Leaving out the pictures, retype the lines from the beginning of the listing through the line containing "Trinity Metro services".

**Dataset excerpt:**
* * *

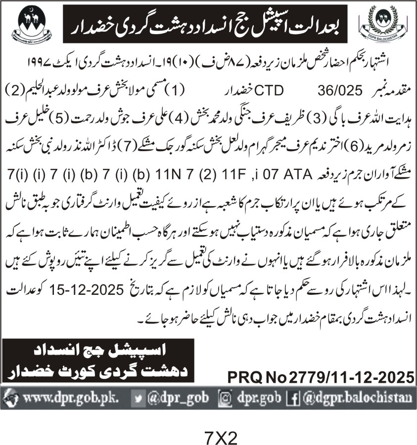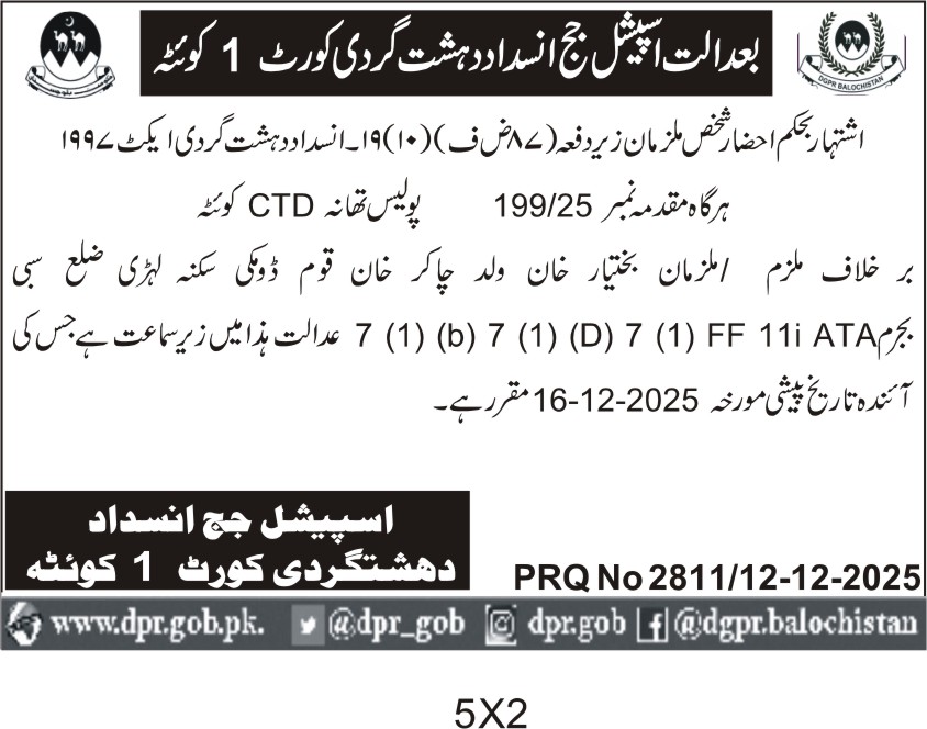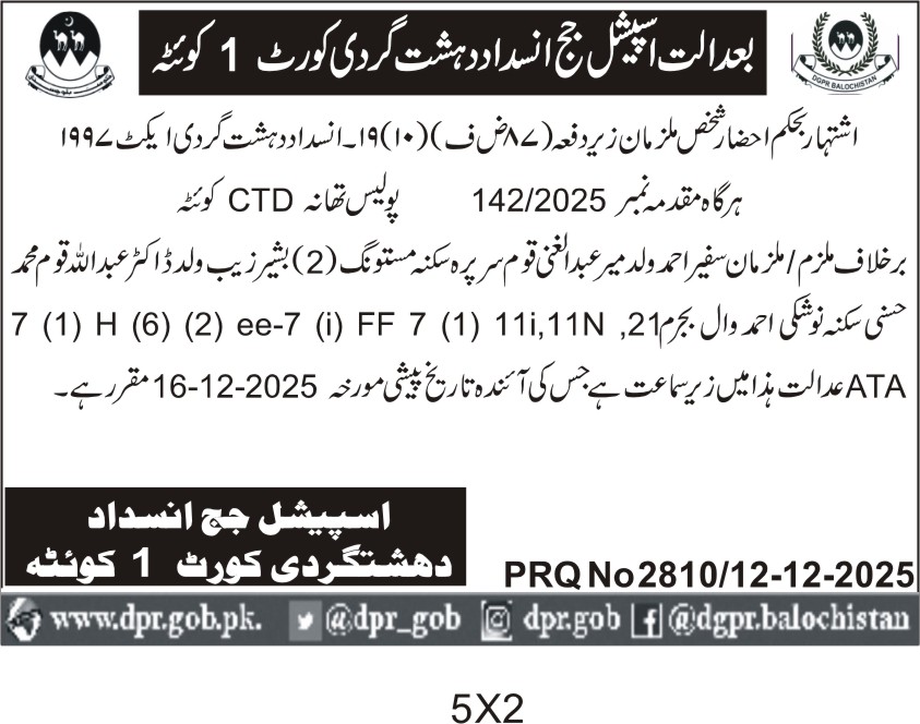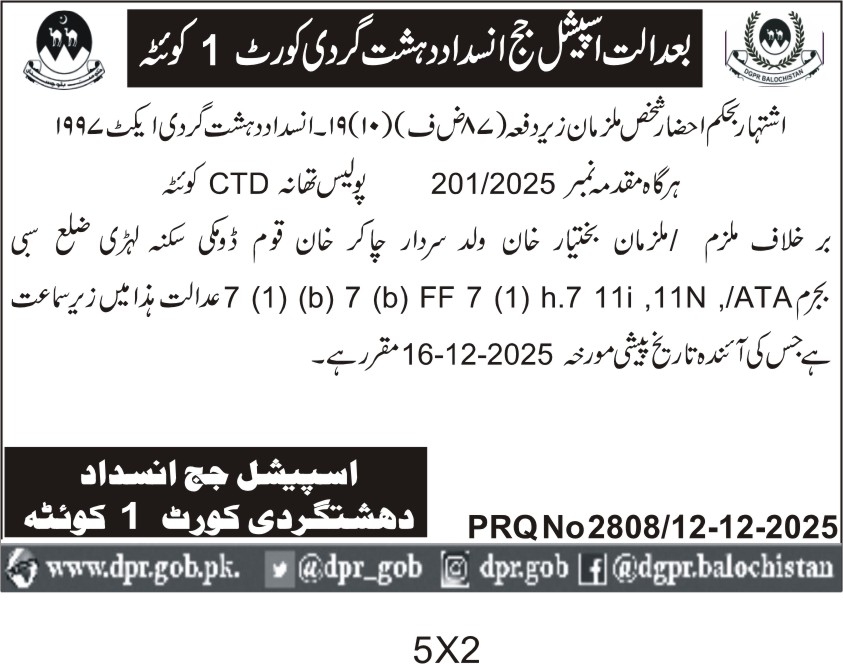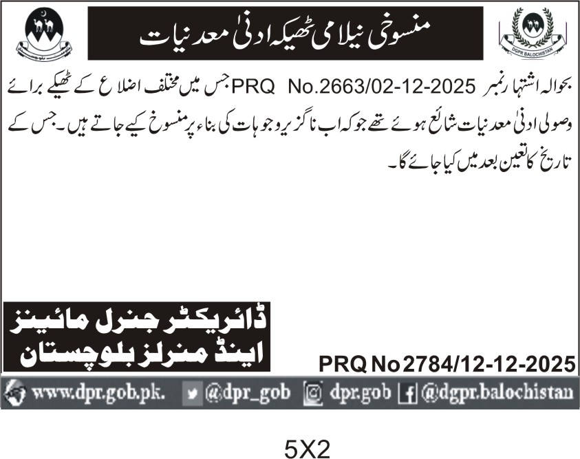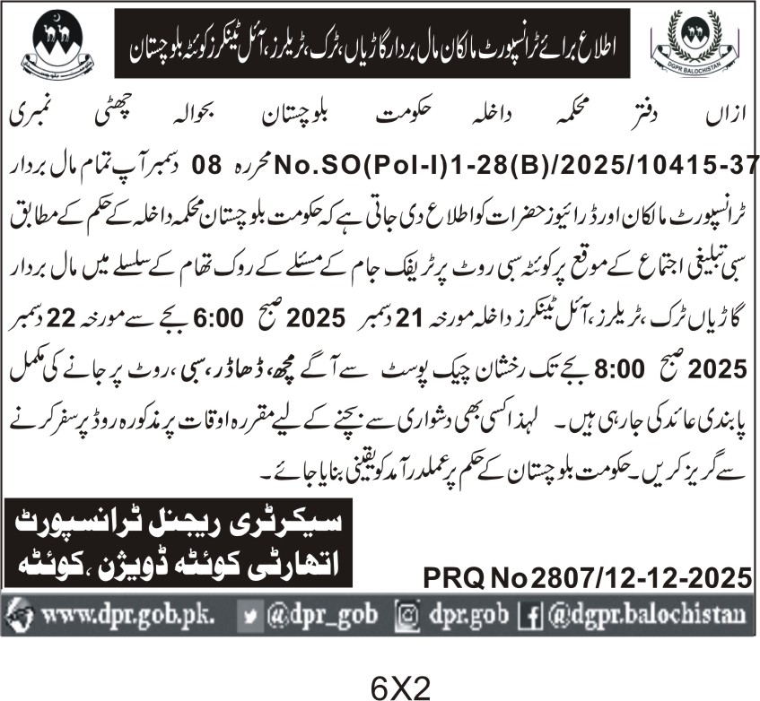All the day's headlines and highlights from The Directorate of General Public Relations Balochistan, direct to you every morning.
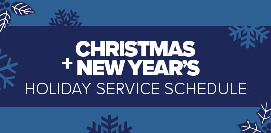 Trinity Metro services will operate on a modified service schedule on Christmas Day and New Year’s Day. TEXRail and The Dash will operate on regular schedules.
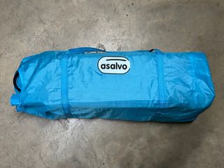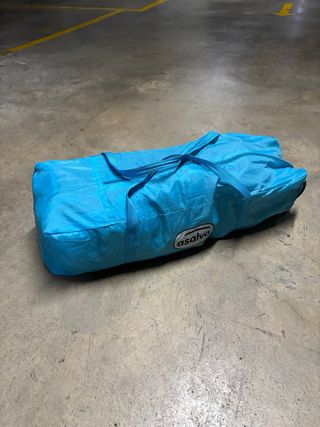 Cuna de viaje de la marca Asalvo en color azul. Es compacta y fácil de transportar. - Incluye asas de transporte. - Diseño plegable. -ruedas -con colchon plegable (ver ultima foto)

* * *

**Exercise solution:**
All the day's headlines and highlights from The Directorate of General Public Relations Balochistan, direct to you every morning.
 Trinity Metro services will operate on a modified service schedule on Christmas Day and New Year’s Day. TEXRail and The Dash will operate on regular schedules.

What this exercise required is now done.